NINA: I thought it was very interesting, in a move that is potentially uncomfortable for a Western audience, and maybe even for a Japanese audience, I don’t know--we’re clearly meant to be sympathetic to the Zeon cause--

THOM: Mm-hmm.

NINA: --but they also look like a--

THOM: Nazis?

NINA: --an analogue for--

THOM: They look like Nazis?

NINA: Yeah, or even like World War 1-era Prussians. It’s sort of a combination.

THOM: Right, they have that, they’re sort of too dressed-up to be Nazis?

NINA: Right.

THOM: Especially the commanders, like Char.

NINA: With all the braid--

THOM: Mm-hmm

NINA: --and all the decorative everything on the uniforms. Well, and the uniforms feel like throwbacks--

THOM: Mm-hmm

NINA: --compared to the Federation. The technology looks like throwbacks. It’s less sharp lined, it’s less modern-looking. The colors are more camo and less bright and shiny. We’ve got some cool pictures that we can post in the show notes, but the design of the Zaku looks like old equipment--

THOM: Mm-hmm

NINA: from, was it World War 2?

THOM: It was yeah, well, sort of--

NINA: [laughs]

THOM: This was--I found a picture of some, what were essentially Japanese marines during the invasion of China, specifically during attacks on Shang-hai, and the equipment that these marines wear during chemical weapons attacks looks almost identical to the Zaku’s sort of helmet and breather apparatus design, and they carried a machine gun that looks pretty similar to the one that the Zaku use, and I don’t know if that was a conscious allusion, but I strongly suspect that it was, and there’s some reasoning for that that I think we’ll explain later when we talk more about the colony drop and when we talk more about the Zaku.
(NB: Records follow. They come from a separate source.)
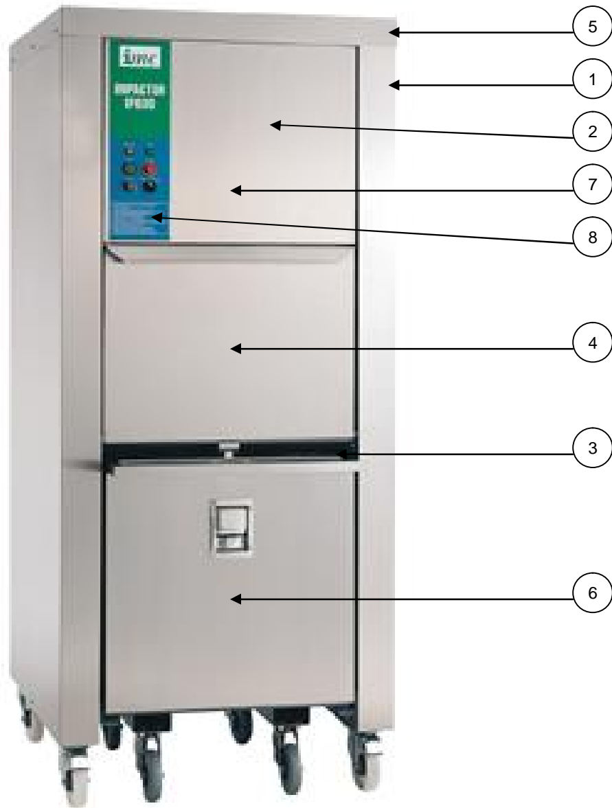
Parts Illustration – IP600 Fig. 4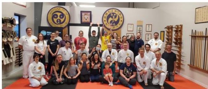
FMJ Field Trip - Hidden Teaching Okinawan Karate Dojo on May 9th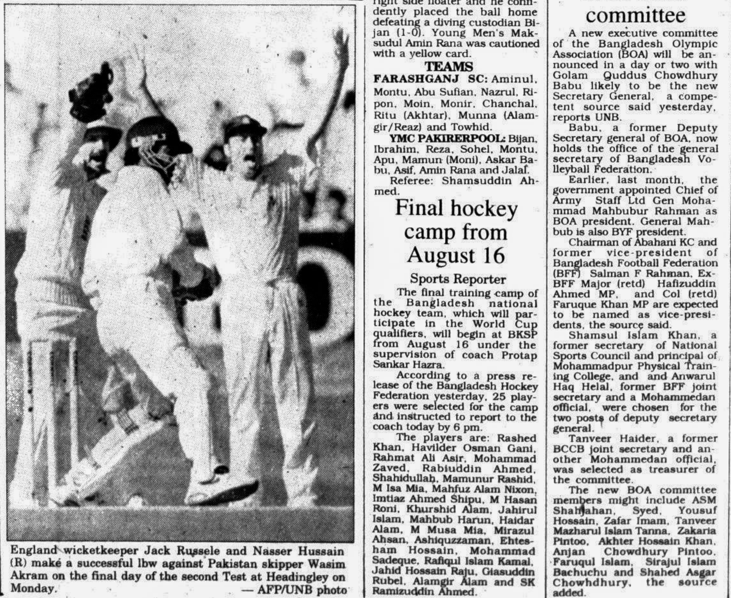
England wicketkeeper Jack Russele and Nasser Hussain (R) make a successful lbw against Pakistan skipper Wasim Akram on the final day of the second Test at Headingley on Monday.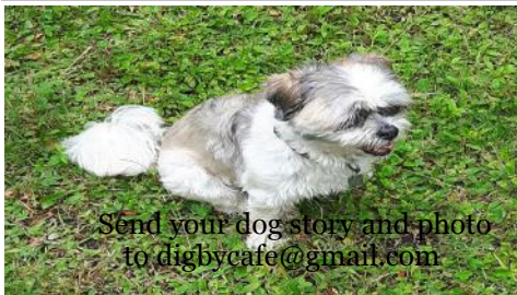
Send your dog story and photo to digbycafe@gmail.com

They asked me if I could take her for a walk while they were gone. This was a real treat for me and she was raring to go. Up the Chute road we went, with her choking and gasping on the end of the leash. She was in such a hurry. It wasn't long till I found out why. At the side of the road she laid down three perfect doolies for me to pick up. I felt so proud that I had done such a good job walking the dog. It could have been my dog the people saw as the cars whooshed by and the cyclists panted up the hill, all envious of such a smart little dog. My dog for the day...Lilly from Away.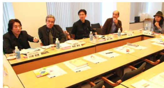
Scenes from selection meeting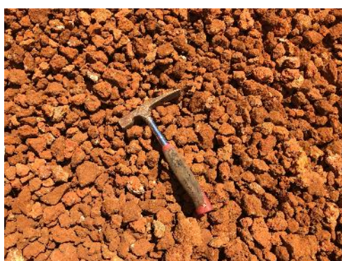
Figure 7: Cement-grade blended product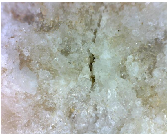
Figure 6: Block 7. Sample XI. The process of water erosion and void formation was observed, which caused the cracks in the stone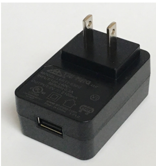
USB Wall Adapter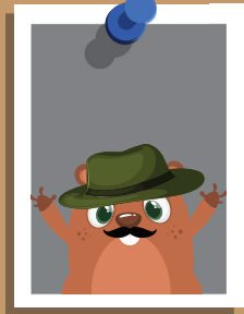
Gus the groundhog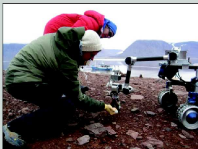
Figure 1. Sampling the rover claw surface while participating in the field exercises of the Arctic Mars Analogue Svalbard Expedition (AMASE 2009).

NINA: If this was purely about re-fighting the war I don’t think they would make Zeon sympathetic, there’s something else going on there. Also that they’re a principality, which I assume means they have a prince? Or...

THOM: [Laughing] Fun, fun point there actually! This is a, this is a “weird translation” situation--

NINA: [Makes intrigued, “Tell me more” noises]

THOM: Well, because, as you can imagine, the titles of nobility in English and Japanese don’t quite line up one-to-one, so for whatever reason, the preferred translation is the Principality of Zeon, but their leader is an ​ ​ Archduke.

NINA: Okay

THOM: So it could be called the Archduchy, and one of the novelization translations calls it that, but no one ever adopted the “archduchy” terminology.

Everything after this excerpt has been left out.